The American Society of Clinical Oncology (ASCO) today issued its first clinical practice guideline on invasive cervical cancer.
This resource-stratified guideline is the first of its kind from ASCO, offering treatment recommendations tailored to resource availability.
Access to cervical cancer care varies between regions of the world, both among and within countries.
Lower resource settings tend to have limited or no cervical cancer screening programs.
As a result, women often have advanced cervical cancer at diagnosis, which requires treatments that may not be readily available in these areas.
"Even though cervical cancer is largely preventable, a quarter of a million women die of this disease every year globally. The vast majority of those deaths occur in less developed regions of the world, such as South-East Asia, the Western Pacific, India and Africa," said Linus Chuang, MD, MS, co-chair of the ASCO Expert Panel that developed the guideline, and a gynaecologic oncologist and a professor of obstetrics, gynaecology and reproductive science at the Icahn School of Medicine at Mount Sinai in New York, NY. "In those regions, access to pathology services, skilled surgeons, radiation machines, brachytherapy, chemotherapy and palliative care may all be constrained."
This guideline provides evidence-based recommendations for four resource tiers: basic, limited, enhanced and maximal.
For each setting, and for each stage of cervical cancer, the guideline recommends optimal therapy and palliative care.
"Regardless of resources, health care providers should always strive to deliver the highest level of care to all women with cervical cancer," said Jonathan S. Berek, MD, MMS, co-chair of the ASCO Expert Panel that developed the guideline, and professor and chair of obstetrics, gynaecology - gynaecologic oncology at Stanford University School of Medicine in Stanford, CA. "This guideline is a starting point. We hope that it will generate discussion and much needed research in the field."

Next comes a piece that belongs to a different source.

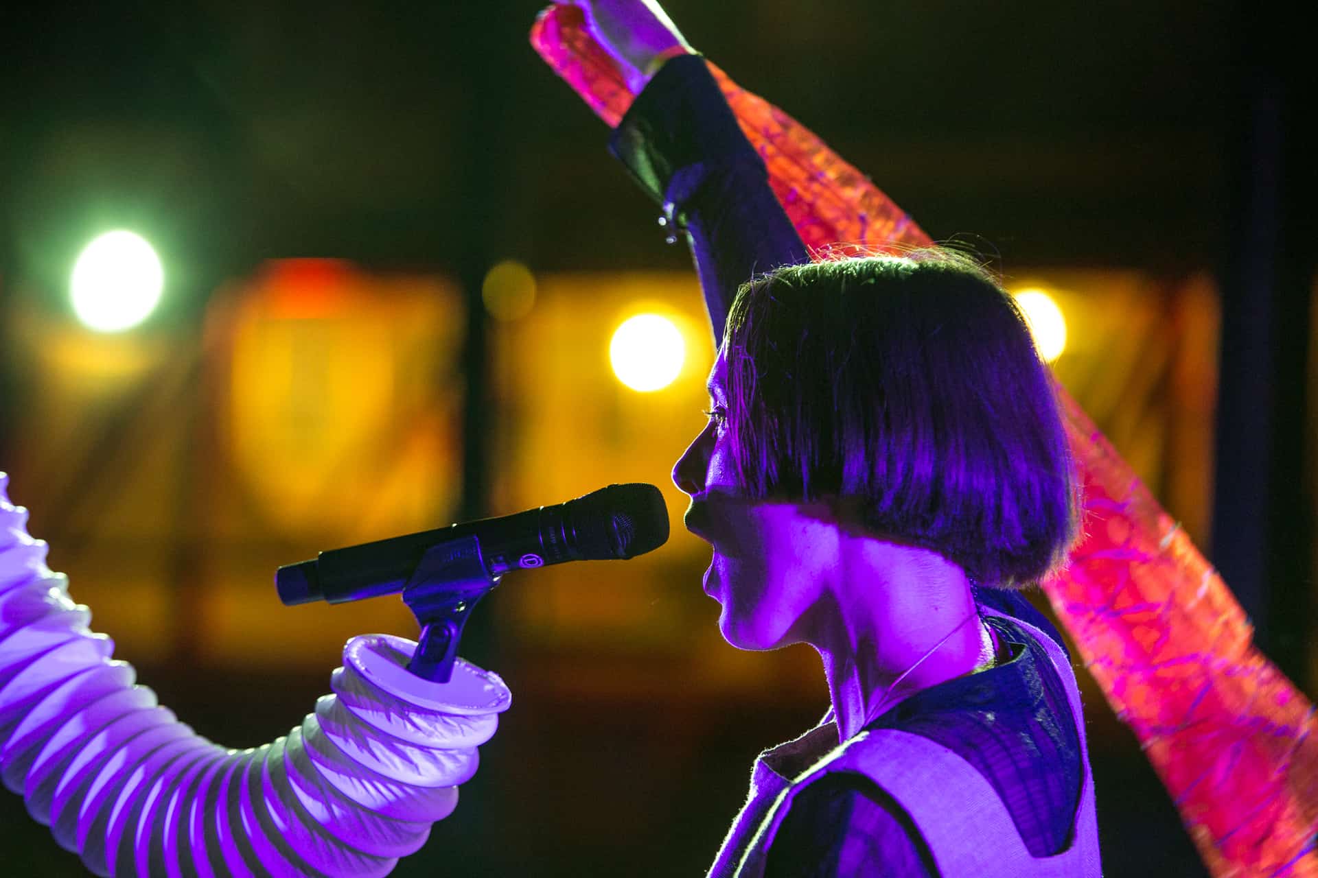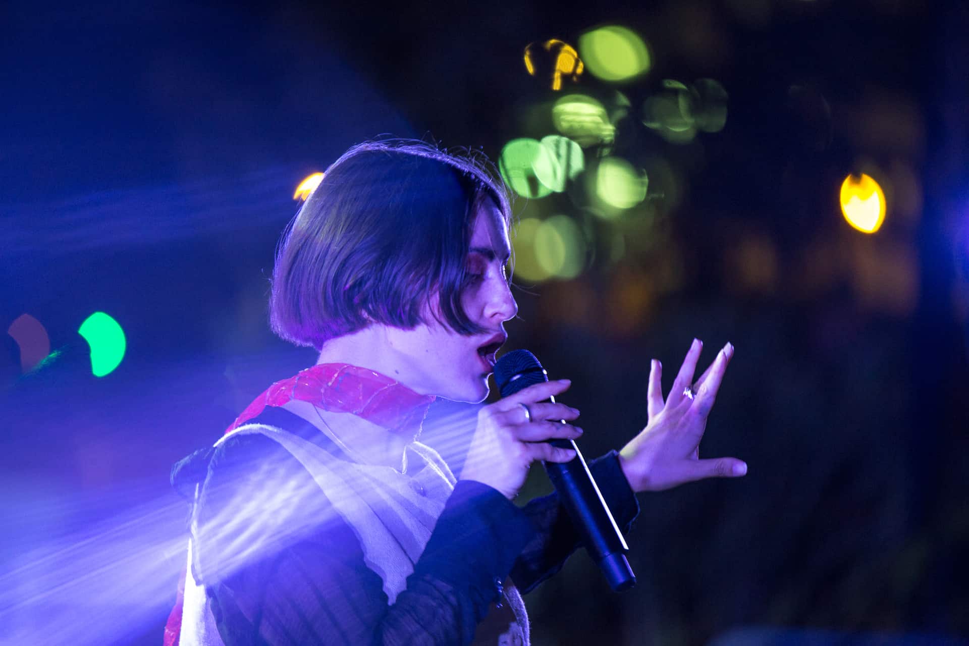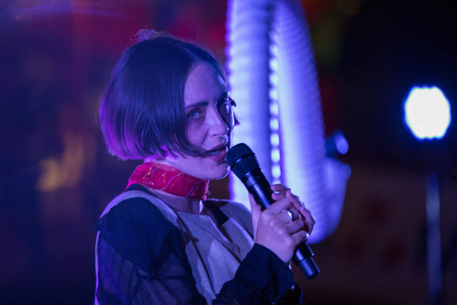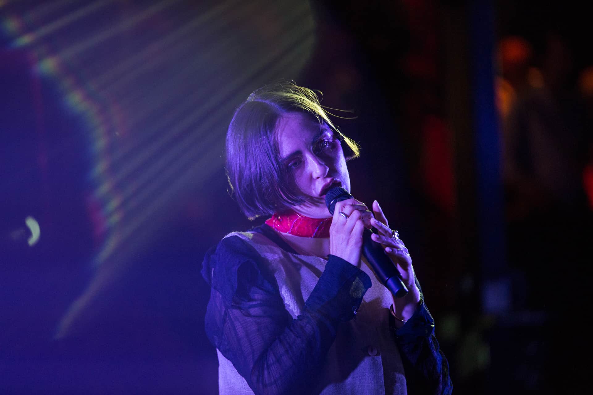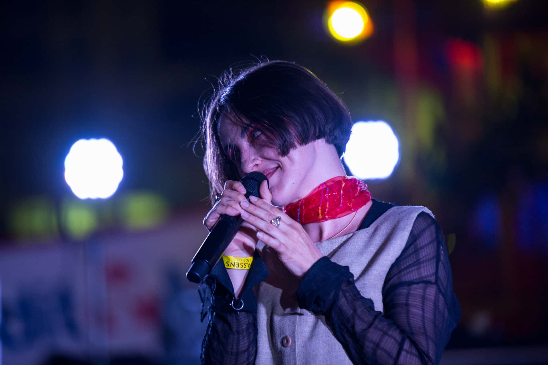 Après cette excellente prestation réalisée sous le regard protecteur de Kiwi records (coucou Prescillia et Lucas), c’est au tour de l’inclassable Bonnie Banane de s’avancer au pied du navire. Et c’est tout en jouant de beaucoup de séduction que Bonnie déroule son set devant de véritables fans.  Bonnie Banane balade son regard magnétique et sa voix grave et trainante depuis une dizaine d’années sur scène, souvent en collaboration avec des artistes variés de Flavien Berger à Myth Syzer. Pourtant, son premier album, Sexy planet n’est sorti qu’en novembre dernier, dans une période plutôt tourmentée. Avec ses textes à la fois poétiques et cyniques qui parlent d’amour et de passion (on pense au titre Béguin) et ses rythmiques RnB, on se laisse vite embarquer dans son univers à la fois coloré et réaliste. Bonnie Banane admire Brigitte Fontaine et cela se sent. Elle reprend d’ailleurs son morceau préféré de la chanteuse de l’ïle Saint-Louis, j’ai 26 ans dont elle propose une version très belle et épurée. Proche de son public, Bonnie Banane n’a de cesse d’y planter son regard, le séduisant tout du long, pleine d’une sensualité palpable. Nous avons assisté à un concert assez fascinant porté par une artiste hors norme qu’on retrouvera avec plaisir sur d’autres scènes.

The guideline recommendations were developed by a multidisciplinary panel of experts in cancer control; gynaecologic, medical and radiation oncology; health economics; obstetrics and gynaecology; and palliative care.
The panel included experts from the United States, Spain, Mexico, Turkey, Canada, Argentina, Zambia, Uganda, South Korea, China and India, as well as a cancer survivor.
The panel conducted a systematic review of medical literature published from 1966 to 2015, and reviewed existing guidelines and cost-effective analyses.
Recommendations were made based on evidence from literature and/or Panel expertise. All recommendations reflect formal expert consensus.
Key guideline recommendations:
"At least two-thirds of cervical cancer deaths occur in women who hadn't been screened regularly. If we improved screening and HPV vaccination around the world, we might be able to substantially decrease the mortality from cervical cancer," said Dr. Berek.
ASCO will address cervical cancer prevention and screening in two separate resource-stratified guidelines to be published later this year.